Dataframes and Datasets are part of Spark SQL, which is a Spark module for structured data processing. A Dataset is a distributed collection of data. Dataset is an interface that adds the benefits such as increased efficiency provided by SparkSQL’s computation engine to RDDs usage of powerful lambda functions and strongly typed data. A DataFrame is a Dataset organized into named columns.
Let us see what a dataframe looks like by converting our books dataset (not to be confused with Spark dataset) into a dataframe, and begin coding a book recommender.

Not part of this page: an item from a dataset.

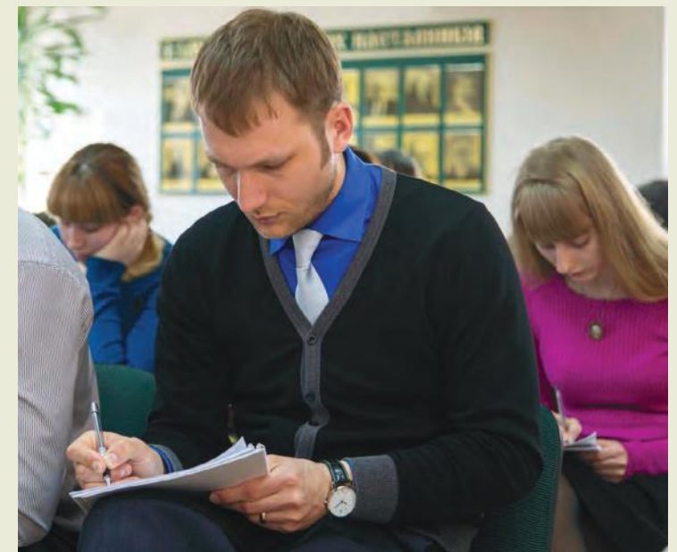
Students at Irpen Biblical Seminary.

Make sure Books Crossing dataset is downloaded and placed in the same folder where you will store your PySpark script.
# importing all the libraries we’ll require to build the book recommender
import sys
from pyspark import SparkConf, SparkContext
from pyspark.sql import SparkSession
from pyspark.ml.recommendation import ALS
from pyspark.sql.functions import *
from pyspark.sql.types import *
# define the configurations for this Spark program
conf = SparkConf().setMaster("local[*]").setAppName("Books")

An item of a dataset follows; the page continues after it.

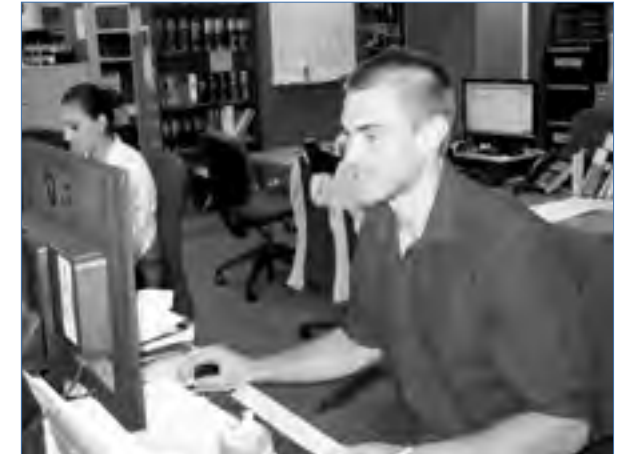
Clinical students at the Centre

In 2011 we ran for the ninth time the Foundations Enrichment course for first year Indigenous students. The program is designed to assist first year Indigenous students to acclimatise to university studies and develop graduate attributes of oral and written communication skills in a legal setting. Through engaging law students in the day to day operation of the legal system and lawyering, the clinical placement bridges the gap between the theory and practice of the law. Students are given the opportunity to assist people in our community while simultaneously acquiring valuable communication skills.
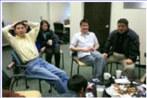
Postdocs using “the Lounge”

conf.set("spark.executor.memory", "6G")
conf.set("spark.driver.memory", "2G")
conf.set("spark.executor.cores", "4")
conf.set("spark.serializer", "org.apache.spark.serializer.KryoSerializer")
conf.set("spark.default.parallelism", "4")
# create a Spark Session instead of a Spark Context
spark = SparkSession.builder \
.config(conf = conf) \
.appName("spark session example") \
.getOrCreate()
Spark Session is a combined entry point to Spark as well as Spark SQL functionalities. Now, we will use the Spark Session to read ‘BX-Books.csv’ into the Pyspark program as a dataframe.
books_df = spark.read.option("delimiter", ";").option("header", "true").csv('./Dataset/Books.csv')
books_df.show()
As you can see, a dataframe resembles a table, with each column having a specific type of data.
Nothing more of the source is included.